(Beginning of SOURCE RECORDS)

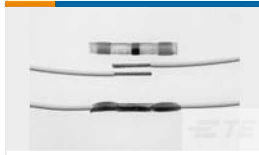
TE 产品编号D33598-000 B-152-9003
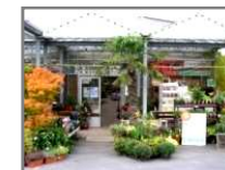
Les serres de l'Isle Adam
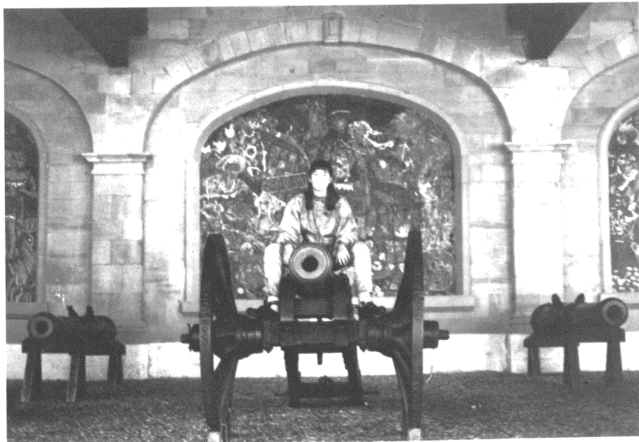
Partager les sièges à Genève? Devant l'Hôtel de Ville, l'assaut a déjà commencé...

Plus étendue que Conseil national 2000, elle demande que «toutes les autorités fédérales, cantonales ou communales assurent aux femmes et aux hommes une présence et des droits égaux».
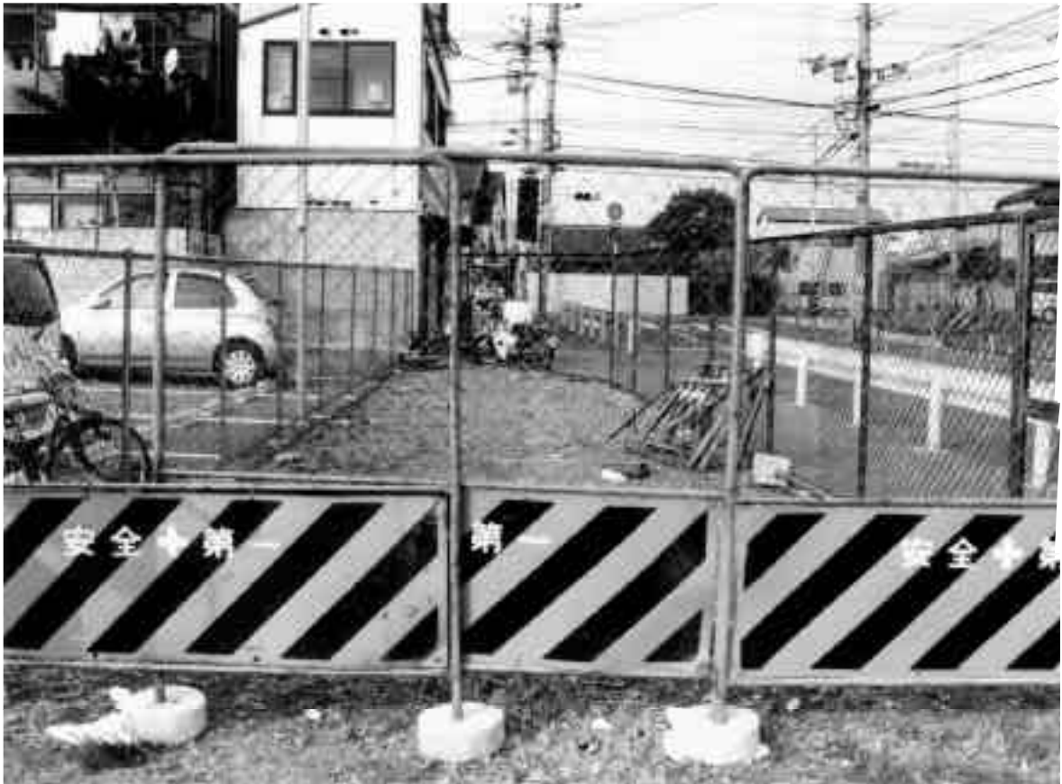
1 9区調査前全景（南から）
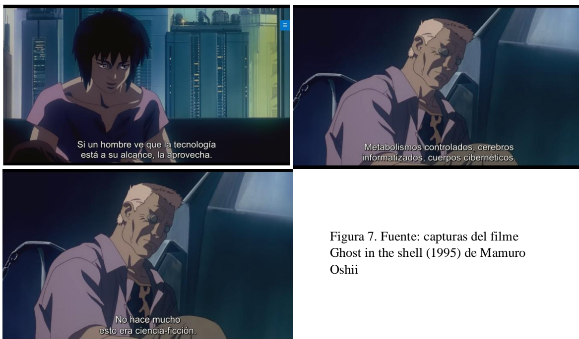
Figura 7.

La animación cinematográfica transporta a cuestionar sobre ¿Cómo nos relacionamos como seres humanos con la tecnología?; ¿Qué es lo que nos hace llamar humanos y qué a las máquinas? Y ¿Qué nos hace humanos si se vive bajo el dominio de los implantes tecnológicos? Por lo que artistas y pensadores contemporáneos, llevados por esa idea de Fernando Broncano (2009) del humano como un ser ciborg y “seres hechos de materiales orgánicos y productos técnicos como el barro, la escritura, el fuego” (Broncano, 2009; 20), han provocado mirar las prótesis como un abrazo al cambio y a una mejoría que enaltece la forma humana (fig.7). Gracias a las cintas como la de Ghost in the Shell es que se tiene una idea de lo que es un ciborg, pues de acuerdo con expertos del tema, se entiende de forma general de acuerdo con Igor Sádaba (2009), que ciborg es la integración hombre-máquina. En cambio, a lo largo de la historia del término se ha ido desarrollando a más profundidad.
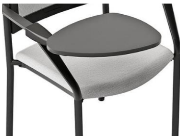
Brazo con pala escritura 57
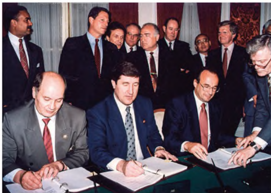
Подписание документов новых стратегических направлений отрасли

Наша коллективная позиция — продолжать отстаивать идею жесткого контроля по стратегическим вопросам развития ТЭК на президентском уровне, идею образования профессионального Совета при Президенте Российской Федерации.
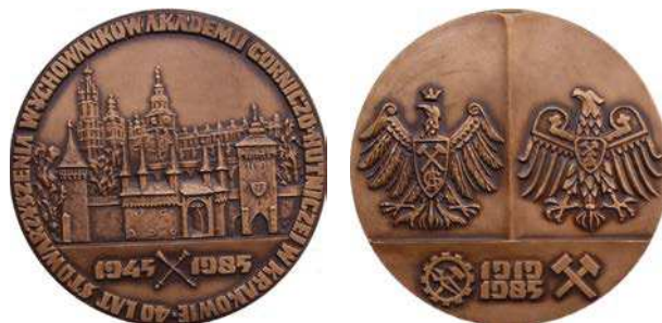
Medal 40-lecia Stowarzyszenia Wychowanków Akademii Górniczo-Hutniczej w Krakowie z 1985 roku, tombak patynowany

w do następnej linii. W środkowej części rewersu znajduje się godło Stowarzyszenia: równoboczny skośny czworobok z umieszczonymi pionowo literami AGH, wokół czworoboku otoczek z napisem: Stowarzyszenie Wychowanków. Powyżej godła rok 1945, poniżej 1975. Na rewersie umieszczono godło uczelni, w otoku napis: AKADEMIA GÓRNICZO-HUTNICZA IM. STANISŁAWA STASZICA / W KRAKOWIE. Średnica medalu wynosi 60 mm.

(End of SOURCE RECORDS)

→ **PROBLEM DETAILS**
Examine the records and pull out every line where the string "Wychowanków" occurs.

→ **WRITTEN ANSWER**
Medal 40-lecia Stowarzyszenia Wychowanków Akademii Górniczo-Hutniczej w Krakowie z 1985 roku, tombak patynowany
w do następnej linii. W środkowej części rewersu znajduje się godło Stowarzyszenia: równoboczny skośny czworobok z umieszczonymi pionowo literami AGH, wokół czworoboku otoczek z napisem: Stowarzyszenie Wychowanków. Powyżej godła rok 1945, poniżej 1975. Na rewersie umieszczono godło uczelni, w otoku napis: AKADEMIA GÓRNICZO-HUTNICZA IM. STANISŁAWA STASZICA / W KRAKOWIE. Średnica medalu wynosi 60 mm.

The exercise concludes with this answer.